Army Taking Serious Look at Composite Cartridges

By Stew Magnuson

True Velocity photo

The Army’s next-generation squad weapon program is experimenting with composite-cased 6.8 mm ammunition, which may help lighten soldiers’ loads.

Ammunition manufacturer True Velocity in early January finalized delivery of more than 625,000 rounds of the company’s proprietary composite-cased 6.8 mm ammo to the U.S. Army for consideration in the program. The Army is looking to replace the standard 5.56x45 mm round, according to a company statement.

Its “composite cartridge provides significant logistical advantages over traditional brass-cased ammunition and gives end users unmatched accuracy, repeatability and reliability, all in a light-weight cartridge,” the statement said.

The product offers a “30 percent weight reduction, improved accuracy, optimized muzzle velocity and increased ballistic efficiency,” it added.

For a typical infantryman’s load of seven 30-round magazines, that would amount to him being able to carry an additional 90 rounds, a company executive told National Defense at the 2019 Shot Show.

Composite casing also reduces heat produced during the firing process, the executive noted. That in turn diminishes wear and tear on the gun. The composite material is a heat insulator while brass is a conductor.

The Army will test the ammunition in a variety of settings throughout 2021 before issuing a final decision on contracts related to NGSW participation, the company said.

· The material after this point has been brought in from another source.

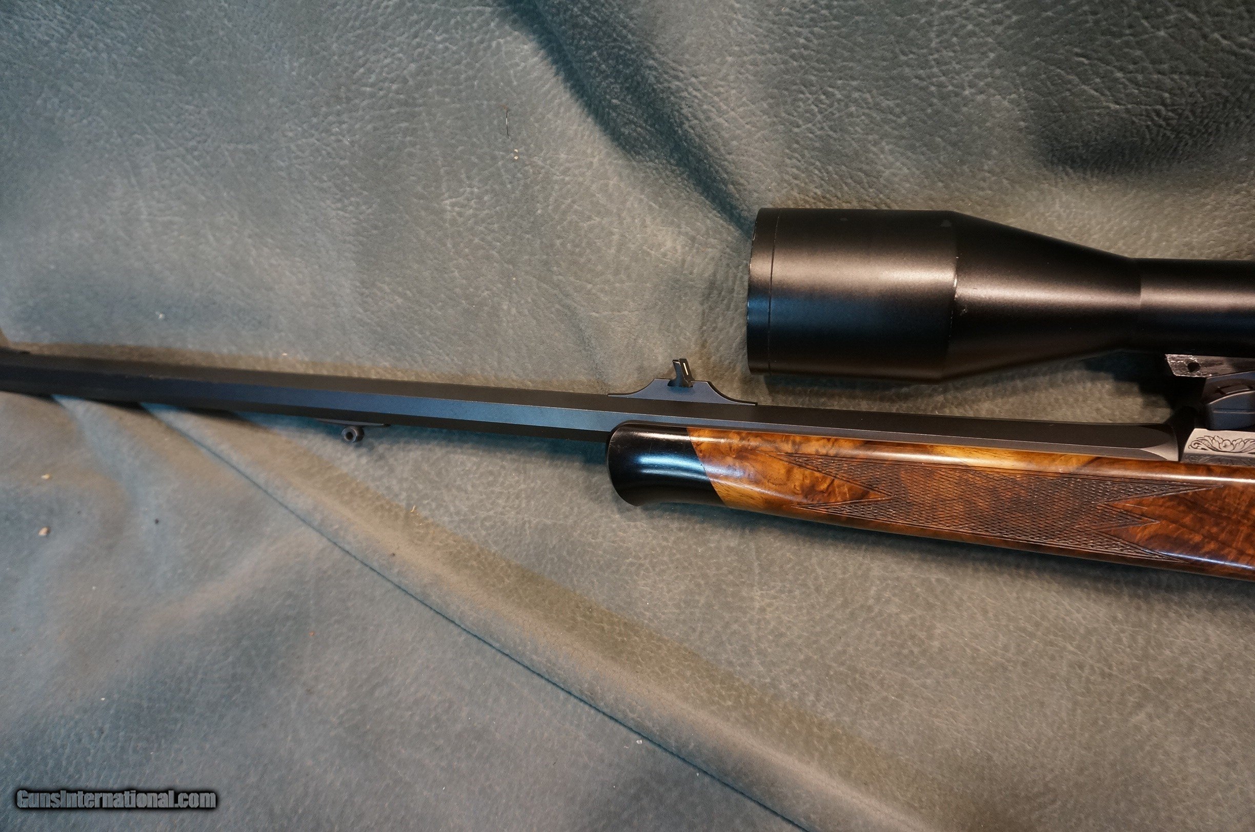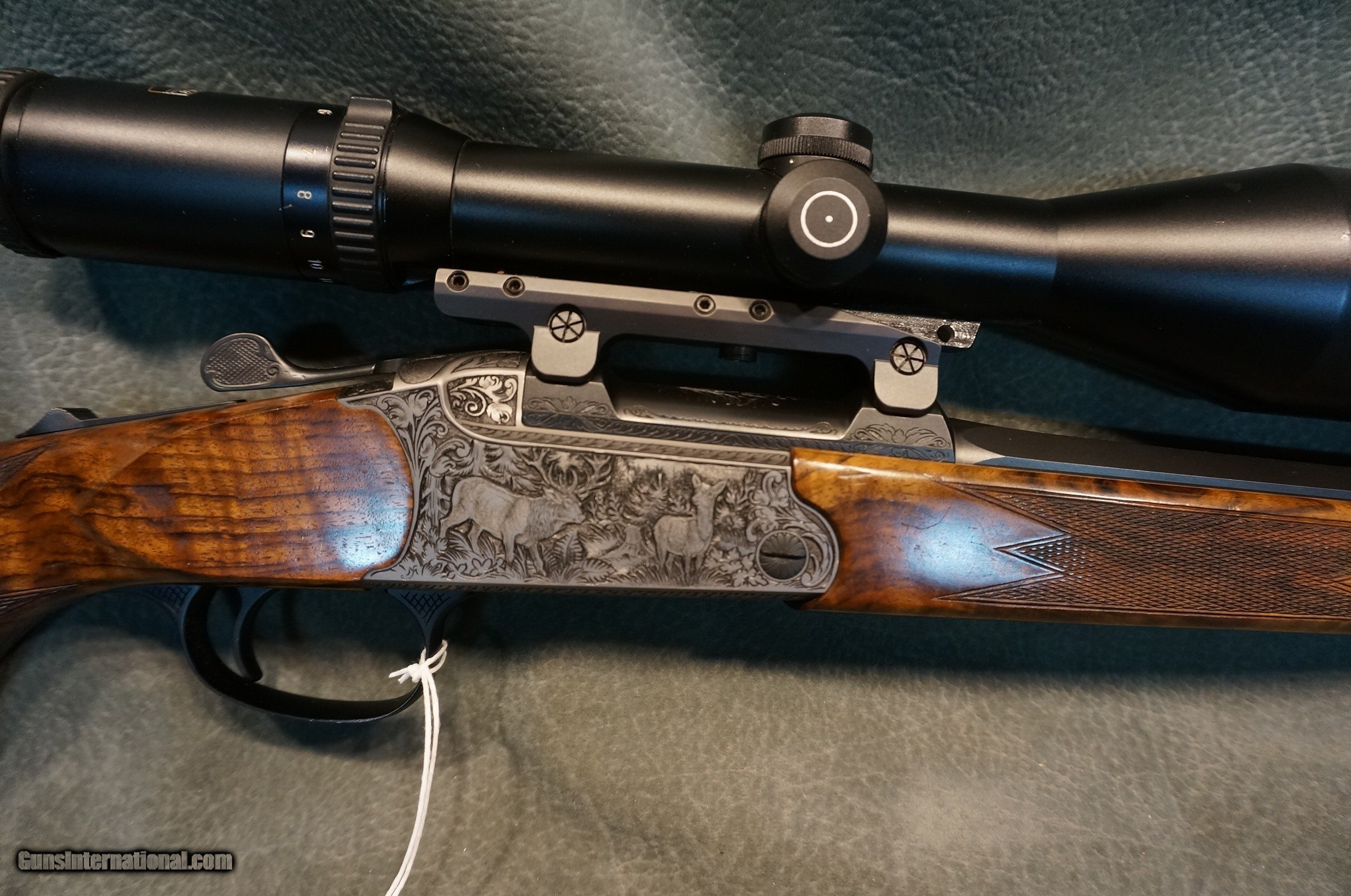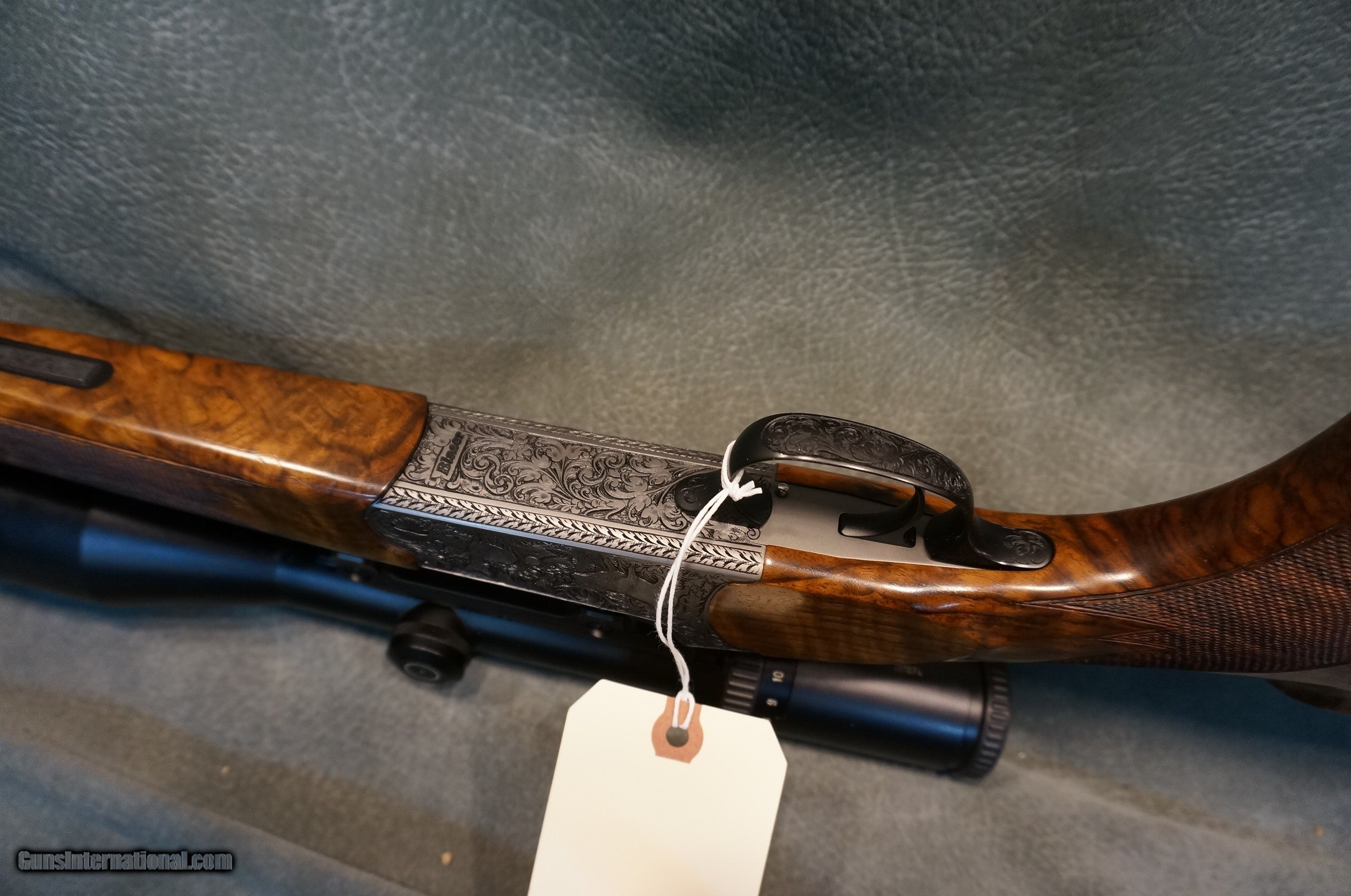 Description: SALE PENDING***Blaser K95 Exclusive factory engraved 30-06,one of a kind factory engraved by Sigrid Muckenheim with deep relief Brown Bear fishing for salmon on the left side of the receiver and 2 Elk on the right side,high grade at least #8 Turkish Walnut stock,cartridge trap door,ebony forend tip,palm swell,Schmidt and Bender 3-12x50 illuminated scope with QR mounts,over $15000 new,no longer made.Excellent condition with a few light hunting marks. GUN COLLECTIONS WANTED FOR CASH! We buy, sell, consign and trade new and used firearms. This is our 44th year in business.To send your FFL or for tracking info please e-mail shippingfirststopguns . We offer 90 day layaways with 20% down. No return on layaways. Firearms will need to be transferred through a FFL dealer. Prices reflect a cash discount. There will be 3% added to credit card sales. We trade for gold and silver. THANK YOU! SOLD |
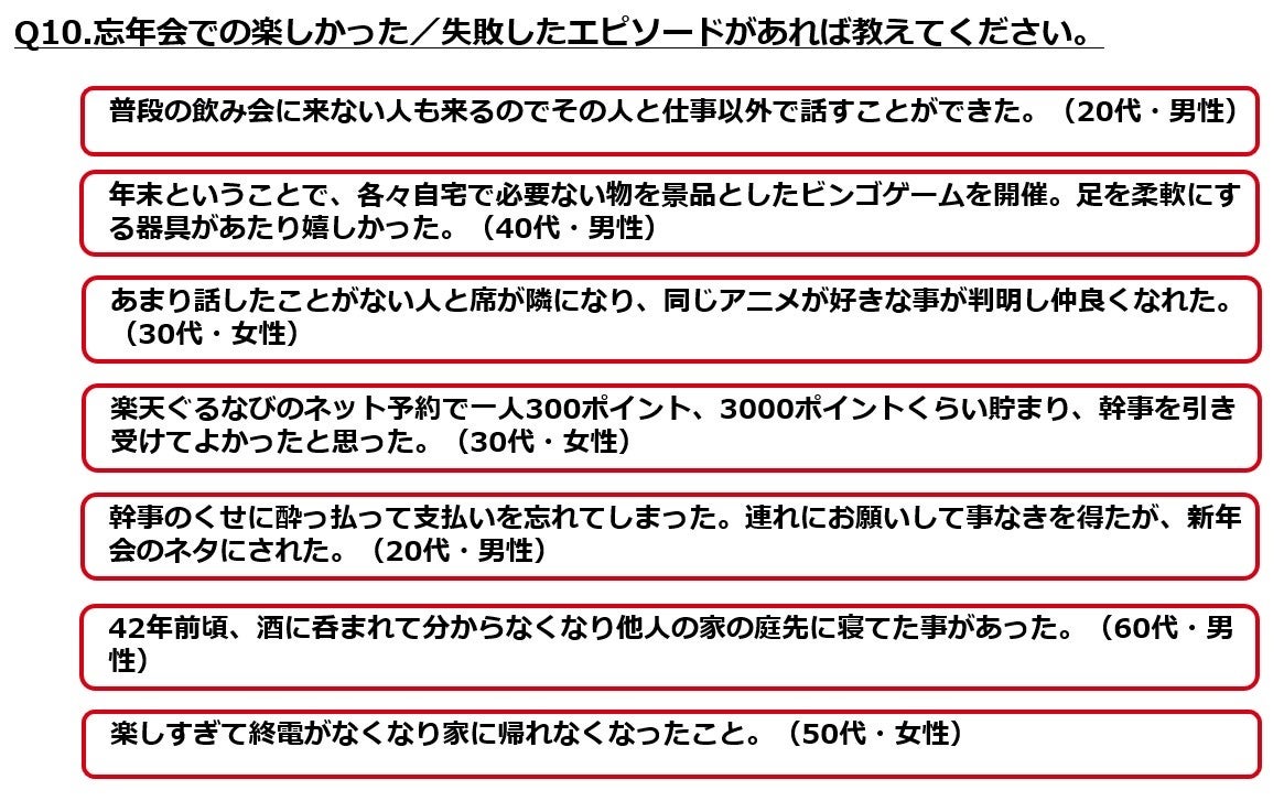 ところで、忘年会のエピソードを自由回答で尋ねたところ、 久々の友人との会話で盛り上がったり、部署や年代の垣根を超えて楽んだり、新たな発見ををしたりする様子が多くみられました。もちろん、失敗談のエピソードもありましたが、忘年会ならではのコミュニケーションは、後になってよい思い出になることが多いのかもしれません。よい思い出を求めに、今年も忘年会を参加してみてはいかがでしょうか。 その際には、40代、50代男性に相談してみると、幹事を引き受けてくれやすいかもしれません。

Its composite-cased rounds are currently being offered to other public agencies, with plans to offer them to general public consumers later. The Australian Defence Force is also experimenting with the ammunition, a separate statement said.

Along with the new round, the Army is also reviewing True Velocity’s manufacturing processes and infrastructure. A production cell that occupies 2,640 square feet can produce as many as 27 million rounds per year, the statement said. The company occupies a 66,000-square-foot facility in Garland, Texas.

Company CEO Kevin Boscamp said: “True Velocity rounds will not only give warfighters a significant advantage in the field, but we believe our products and processes will save institutions such as the Department of Defense millions of dollars in logistics costs.”

Topics: Ammunition

Comments (2)

Re: Army Taking Serious Look at Composite Cartridges

True Velocity stated commercial sales would start in 2020. Then they stated 2021. Now they say "in the future". Does this mean they do not have production capability, or is there something wrong?

Shawn Rhatigan at 12:56 PM
Re: Army Taking Serious Look at Composite Cartridges

I have been reloading handgun ammo since the 1970's.
What are the reloading possibilities of this ammo?